Spicy Indian Chickpeas
Balance the spicy flavor of the chickpeas with a cooling cucumber yogurt salad.
From the book "Mad Hungry," by Lucinda Scala Quinn (Artisan Books).
Mad Hungry, January 2011
- 2 1/2 tablespoons vegetable oil
- 1 medium onion, finely chopped (about 1 1/2 cups), plus 1 small onion, sliced, for garnish
- 8 cloves garlic, minced (2 tablespoons)
- 1 3-inch-square piece of peeled fresh ginger, minced (3 tablespoons)
- 1 1/2 teaspoons ground cinnamon
- 1 1/2 teaspoons garam masala
- 2 teaspoons ground cumin
- 1 teaspoon ground coriander
- 1/2 teaspoon ground cloves
- 1/4 teaspoon cayenne pepper
- 2 1/2 teaspoons coarse salt
- 2 tablespoons tomato paste
- 3 15-ounce cans chickpeas, drained (1 cup liquid reserved)

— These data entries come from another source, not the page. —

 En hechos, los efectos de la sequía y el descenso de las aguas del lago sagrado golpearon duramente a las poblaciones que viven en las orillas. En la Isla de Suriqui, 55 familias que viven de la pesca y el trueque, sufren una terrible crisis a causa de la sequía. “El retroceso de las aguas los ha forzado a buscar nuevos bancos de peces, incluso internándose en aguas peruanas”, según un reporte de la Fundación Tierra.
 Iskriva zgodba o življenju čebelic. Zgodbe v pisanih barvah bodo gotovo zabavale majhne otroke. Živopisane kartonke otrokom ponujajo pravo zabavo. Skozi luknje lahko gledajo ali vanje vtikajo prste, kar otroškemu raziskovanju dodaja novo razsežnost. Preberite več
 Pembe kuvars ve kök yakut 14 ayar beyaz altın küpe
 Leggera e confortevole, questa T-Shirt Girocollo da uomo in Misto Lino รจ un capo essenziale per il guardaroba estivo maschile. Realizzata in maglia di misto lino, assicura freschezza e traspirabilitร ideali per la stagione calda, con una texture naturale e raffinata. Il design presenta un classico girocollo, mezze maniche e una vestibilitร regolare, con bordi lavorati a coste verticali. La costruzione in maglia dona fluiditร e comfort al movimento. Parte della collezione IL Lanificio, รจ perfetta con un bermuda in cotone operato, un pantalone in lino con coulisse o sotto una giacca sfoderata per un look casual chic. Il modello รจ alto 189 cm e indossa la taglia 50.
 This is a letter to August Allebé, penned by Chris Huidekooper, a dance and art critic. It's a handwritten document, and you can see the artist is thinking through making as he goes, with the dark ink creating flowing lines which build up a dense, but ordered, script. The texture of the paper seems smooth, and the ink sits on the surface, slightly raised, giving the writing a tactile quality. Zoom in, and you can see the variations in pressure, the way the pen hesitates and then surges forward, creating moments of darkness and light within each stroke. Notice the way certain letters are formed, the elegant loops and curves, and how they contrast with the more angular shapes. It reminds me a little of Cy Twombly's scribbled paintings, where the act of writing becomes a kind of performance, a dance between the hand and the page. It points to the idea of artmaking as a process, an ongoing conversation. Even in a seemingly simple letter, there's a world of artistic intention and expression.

- 1 large tomato, sliced in wedges, for garnishing
- 3 hot fresh green chiles, sliced lengthwise and seeded, for garnishing
- Heat large skillet and swirl in the oil. Add the chopped onion, garlic, and ginger. Saute until soft and lightly golden, 5 to 6 minutes.
- In a small bowl, combine the cinnamon, garam masala, cumin, coriander, cloves, cayenne, and salt. Add to the onion mixture; cook and stir in the spices to lightly toast, 1 to 2 minutes. Stir in the tomato paste and cook for another few minutes to combine. The color should be dark red.
- Add the chickpeas plus the cup of reserved liquid. Stir to combine. Cover and cook over medium heat for 10 minutes, removing the cover in the last few minutes. Remove from the heat and let sit for a minute to allow the beans to soak up the spice flavors. Season with salt to taste.
- Serve in a shallow bowl garnished with the sliced onion, tomato wedges, and slices of green chiles.